INFORMATION SUPPLIED:
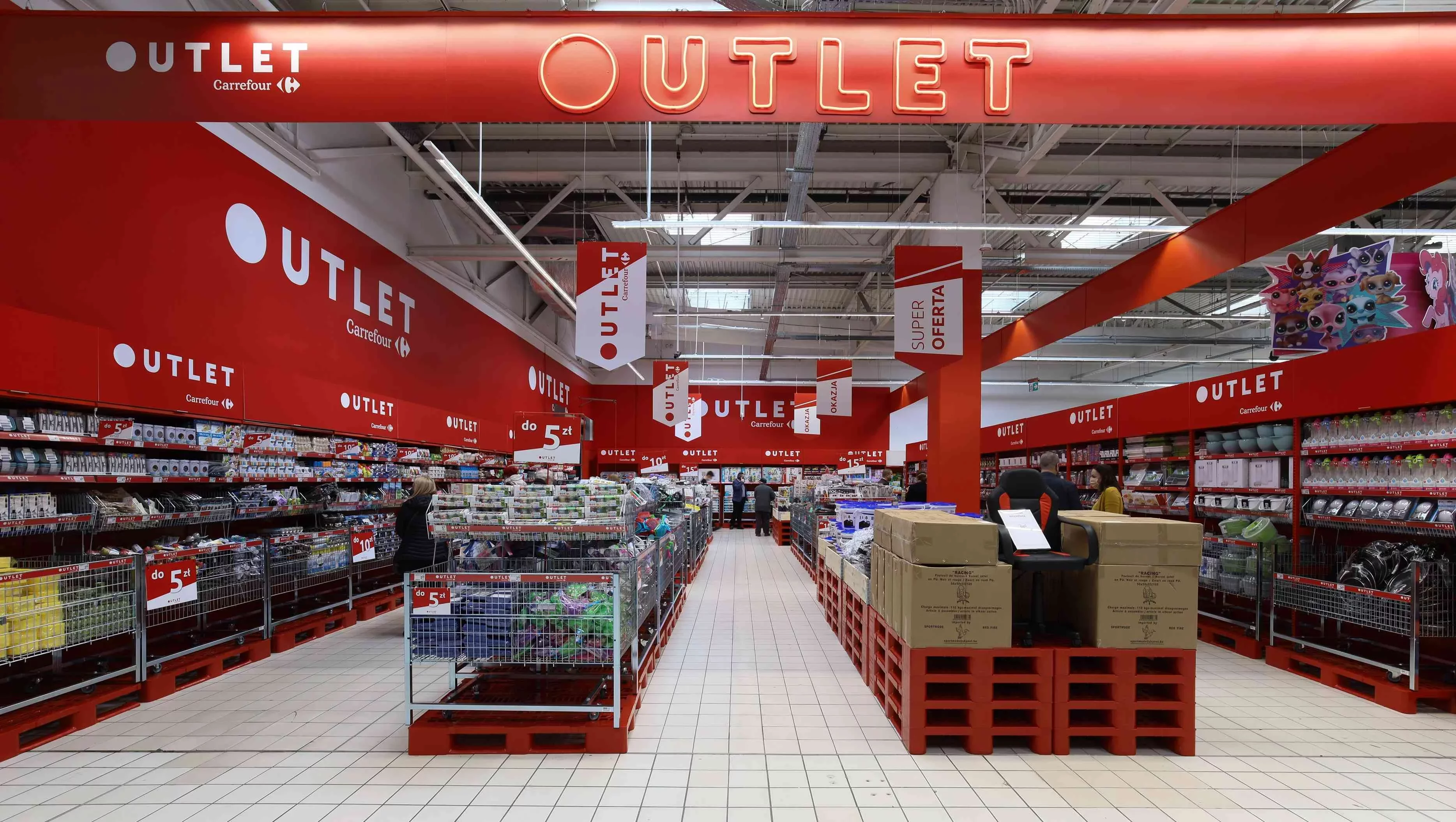 Chodzi o Carrefour. Poza Łodzią takie strefy działają też w sklepach m.in w Warszawie, Krakowie i Toruniu. Asortyment w outletach jest grupowany według cen: do 5 zł, do 10 zł, do 15 zł i produkty w bardzo niskich cenach zaczynających się od 29 groszy. Jest też kategoria tematyczna.
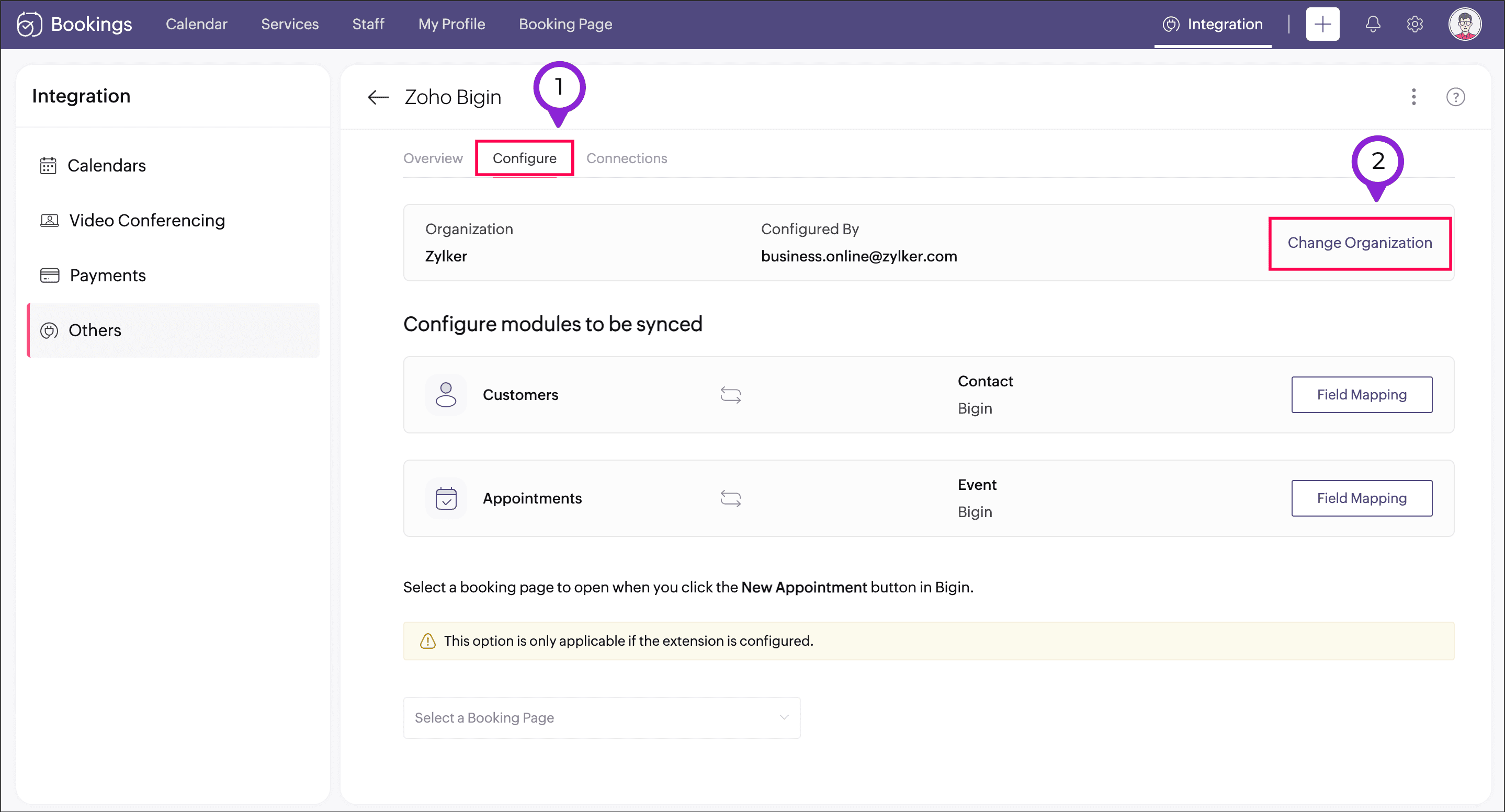 This integration connects Bookings org to any one of the Bigin organizations. You can change the required Bigin organization by clicking the Change Organization option in the Configure tab as shown in the below image.
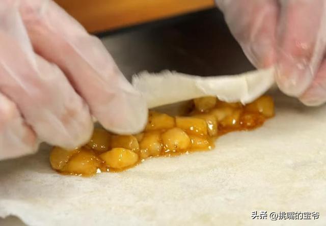 然后,再取春卷皮平铺后,中间放入适量香蕉馅卷起。

EXERCISE OBJECTIVE: Without the pictures, retype the whole of the material above exactly.

RESPONSE FOR THIS EXERCISE:
 Chodzi o Carrefour. Poza Łodzią takie strefy działają też w sklepach m.in w Warszawie, Krakowie i Toruniu. Asortyment w outletach jest grupowany według cen: do 5 zł, do 10 zł, do 15 zł i produkty w bardzo niskich cenach zaczynających się od 29 groszy. Jest też kategoria tematyczna.
 This integration connects Bookings org to any one of the Bigin organizations. You can change the required Bigin organization by clicking the Change Organization option in the Configure tab as shown in the below image.
 然后,再取春卷皮平铺后,中间放入适量香蕉馅卷起。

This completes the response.